Exercise description: No pictures go in the copy; retype exactly the lines from the one with "Склад расположен в" through the last line of the records.

[Source records]
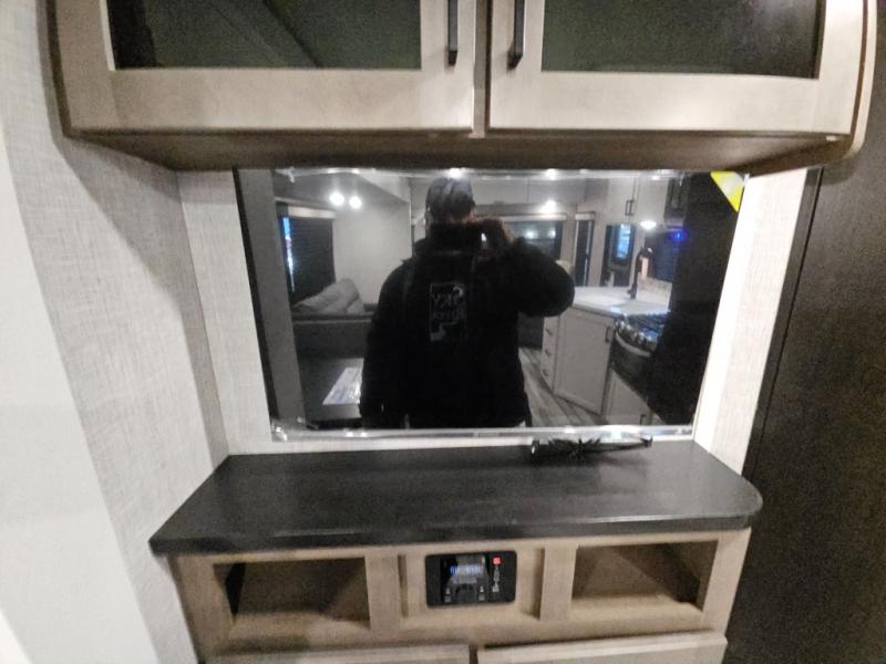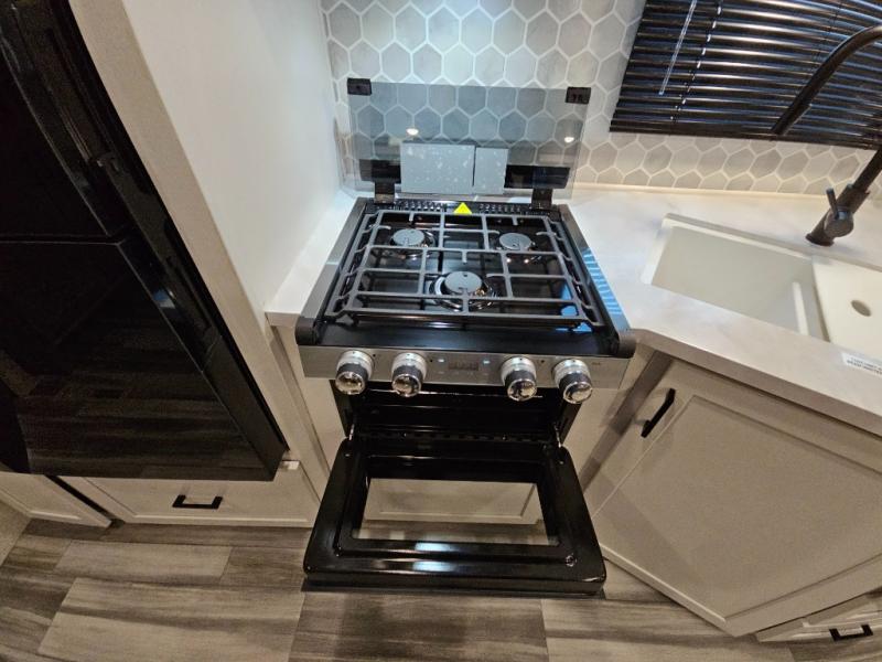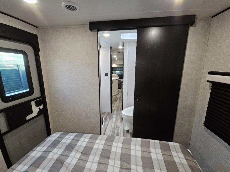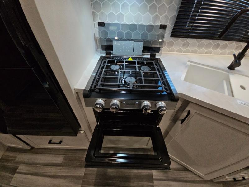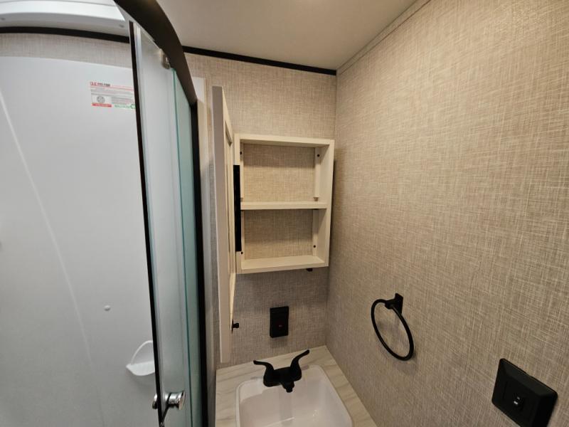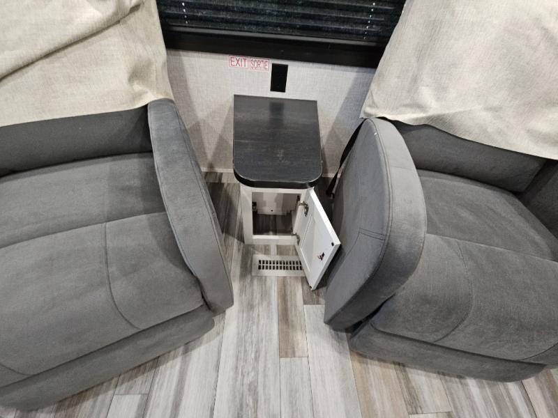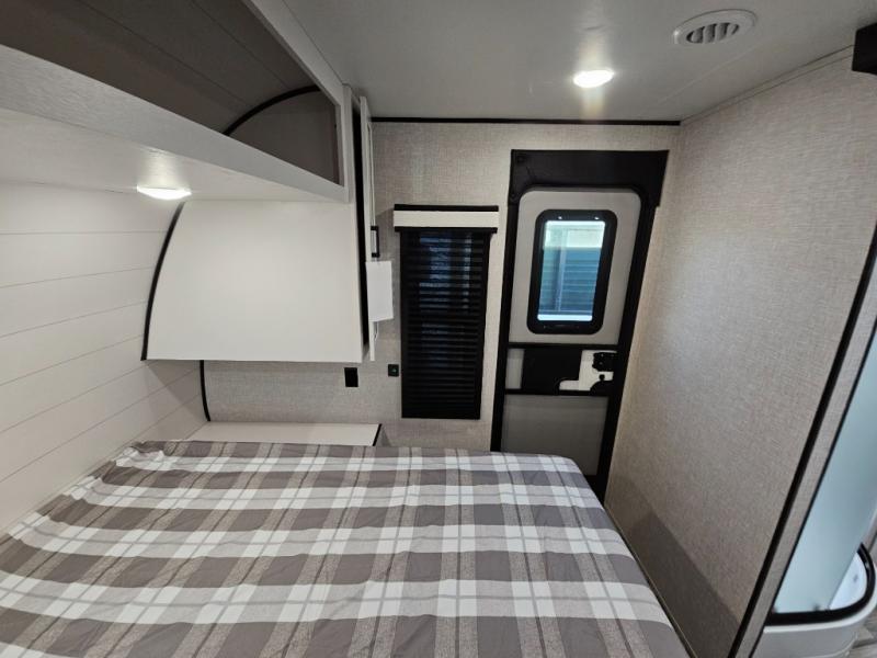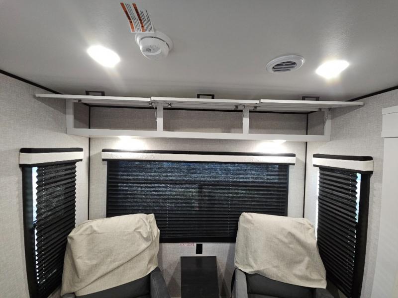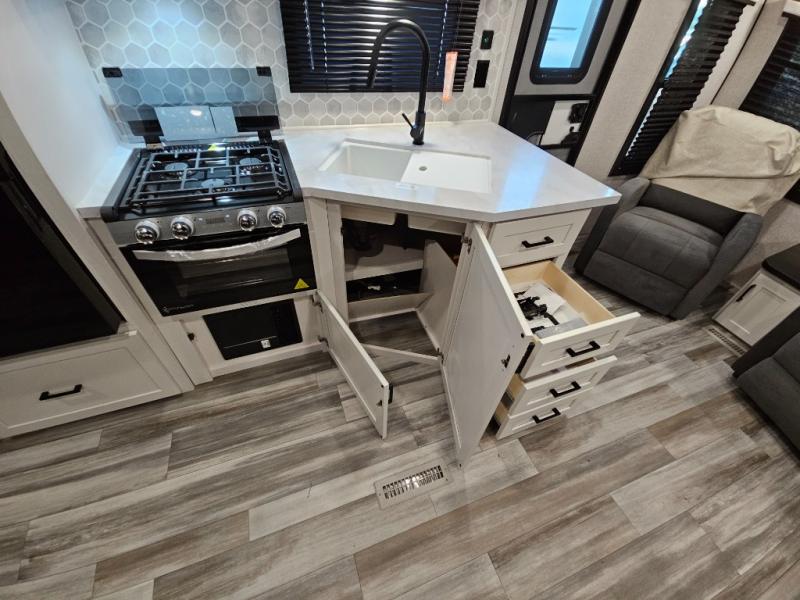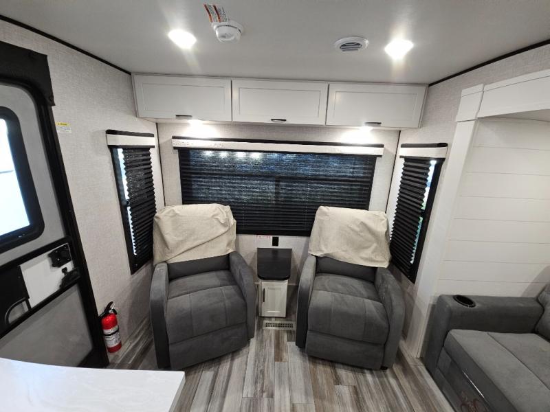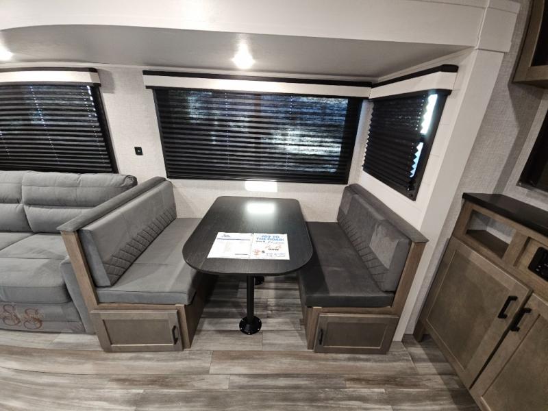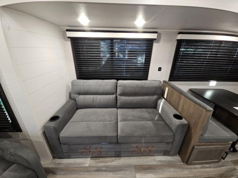 When you want to travel and see new places, this trailer gives you the flexibility to sleep two to four, plus offers a full walk-through bathroom with access from the main area and the front private bedroom. You will also appreciate having a second entry/exit door in the bedroom, a walk-around queen bed, plus dual wardrobes giving you your own side of the bed. The bathroom also has a radius shower and linen storage. The kitchen includes full amenities to make your own meals, and a pantry to keep your dry goods and snacks. You will love the rear dual lounge chairs with table in between to place your drinks, and the jackknife sofa plus booth dinette offer more seating, sleeping space, and extra floor space since they are within a slide.
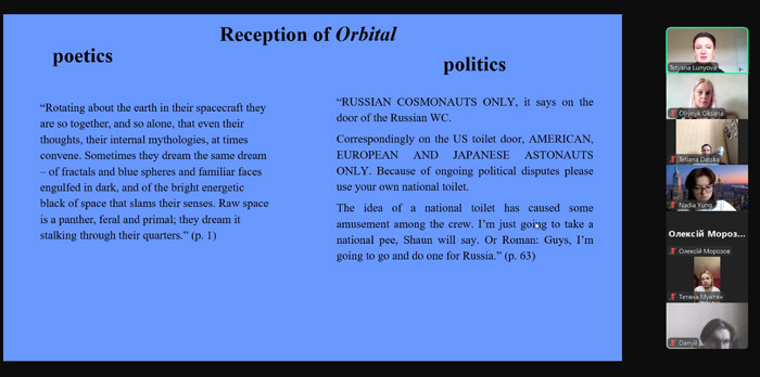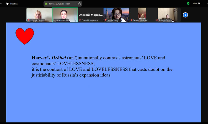Відкриту лекцію пані Тетяна присвятила аналізу роману англійської письменниці Саманти Гарві Orbital («Орбітальний»), який став лауреатом Букерівської премії 2024 року. Твір здобув неоднозначні відгуки серед українських читачів через романтизовані згадки про російських астронавтів, які було сприйнято як політичний заклик до «тотального замирення» з Росією й відверте ідеалізування агресора. Лекторка порівняла два плани роману: поетичний і політичний – створюючи наратив, який і зворушує серце, і змушує замислитися над долею світу. Вона акцентувала увагу на протиставленні в романі ЛЮБОВІ, яка присутня в житті астронавтів, і ВІДСУТНОСТІ ЛЮБОВІ в житті росіян-космонавтів, яке породжує риторичне запитання: а що ж такого хорошого несе в собі поширення «русского мира»?
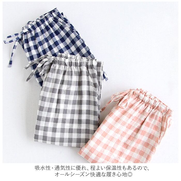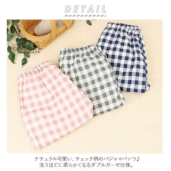 ・ナチュラル可愛い、チェック柄のパジャマパンツ♪
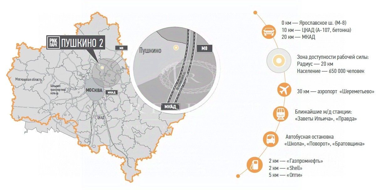 Склад расположен в Северо-Восточном направлении по адресу: Московская область, г. Пушкино, Ярославское шоссе.
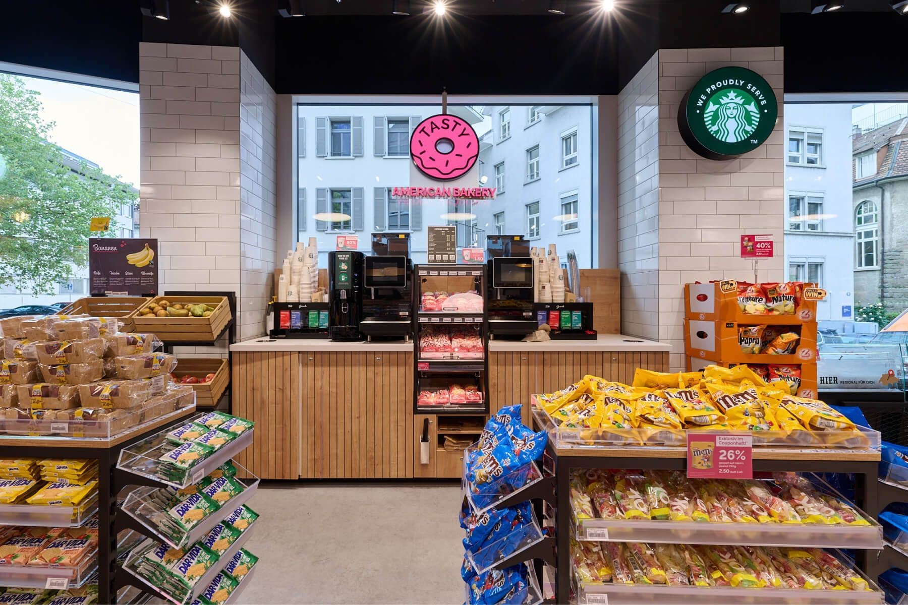 Modernes Convenience-Format für Hochfrequenzlagen wie Bahnhöfe oder Tankstellen mit grossem Food- und Frischeangebot sowie regionalen Produkten.

Output below:
 Склад расположен в Северо-Восточном направлении по адресу: Московская область, г. Пушкино, Ярославское шоссе.
 Modernes Convenience-Format für Hochfrequenzlagen wie Bahnhöfe oder Tankstellen mit grossem Food- und Frischeangebot sowie regionalen Produkten.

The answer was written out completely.